What is needed is an exact copy of the whole listing below, with no pictures.
*** AVAILABLE DATA ***
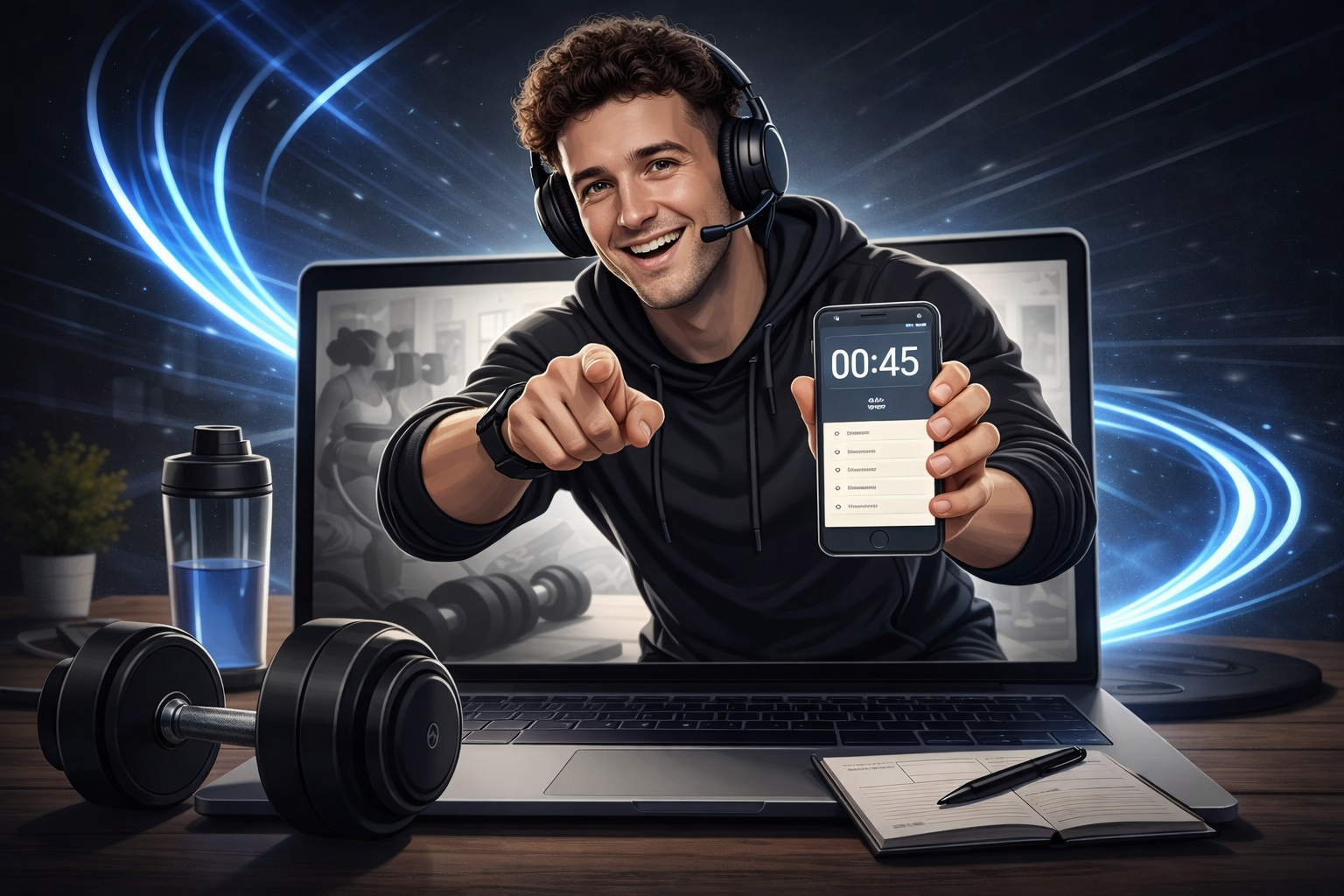 - Onboarding i cele — krótki formularz, historia treningowa, dostępny sprzęt, zdrowie.
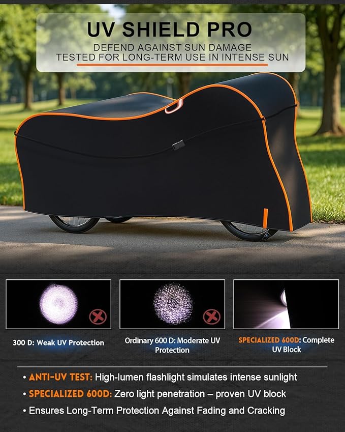- 【Double-Stitched Seams & Reinforced Trim for Longevity】The reinforced double-stitched seams and bright orange edging increase tear resistance and structural durability. Our upgraded trike cover holds up against wind, sunlight, and frequent outdoor use.
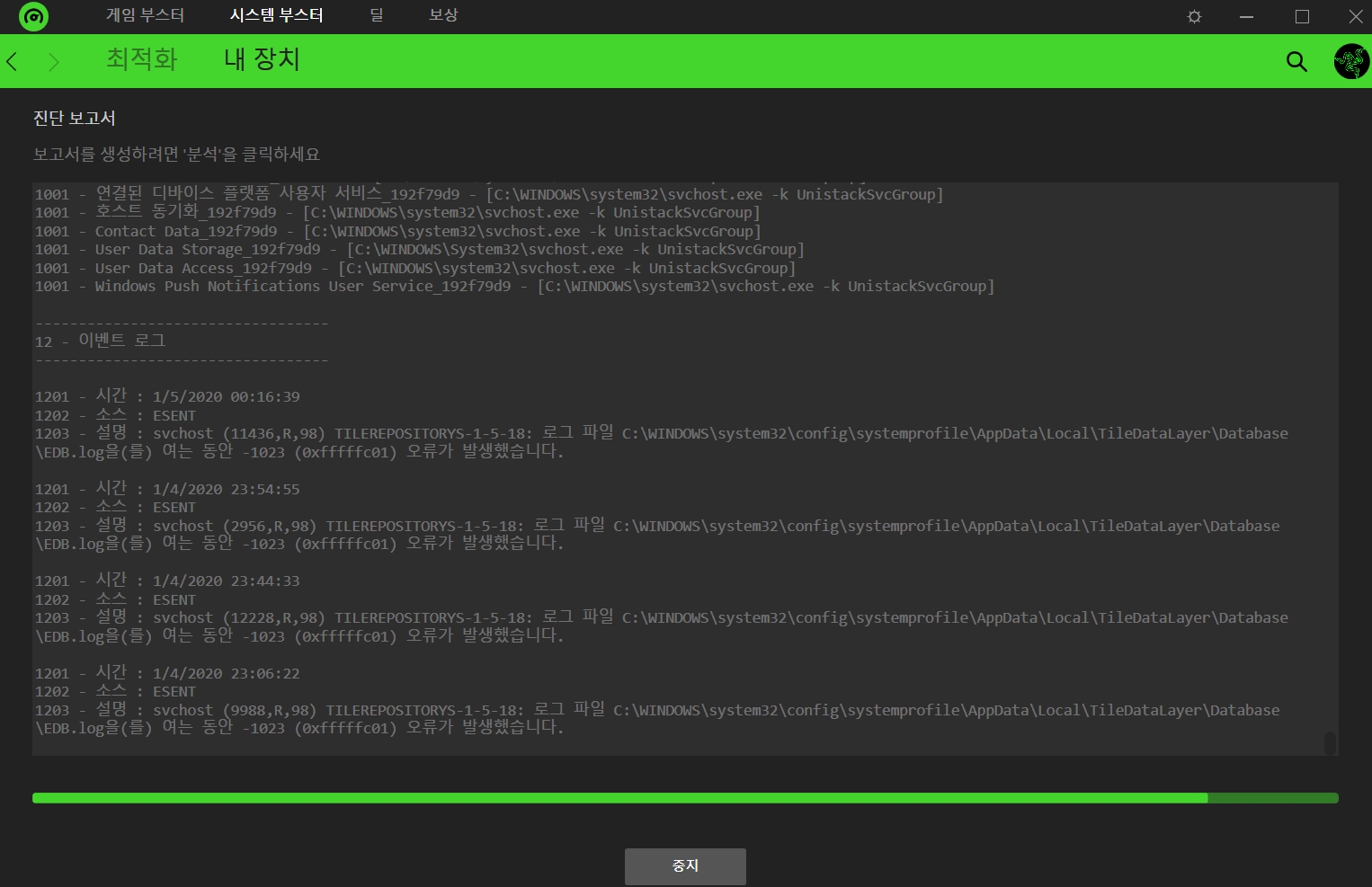 부가기능으로는 진단분석이 있으며, PC의 전체적인 성능적인부분이나, 이벤트 로그 등을 알수 있습니다. 진단서 프로그램을 통하여 알 수 있는 항목은 아래와 같습니다.
*** End of AVAILABLE DATA ***
▶ [COMPLETED EXERCISE]:
 - Onboarding i cele — krótki formularz, historia treningowa, dostępny sprzęt, zdrowie.
- 【Double-Stitched Seams & Reinforced Trim for Longevity】The reinforced double-stitched seams and bright orange edging increase tear resistance and structural durability. Our upgraded trike cover holds up against wind, sunlight, and frequent outdoor use.
 부가기능으로는 진단분석이 있으며, PC의 전체적인 성능적인부분이나, 이벤트 로그 등을 알수 있습니다. 진단서 프로그램을 통하여 알 수 있는 항목은 아래와 같습니다.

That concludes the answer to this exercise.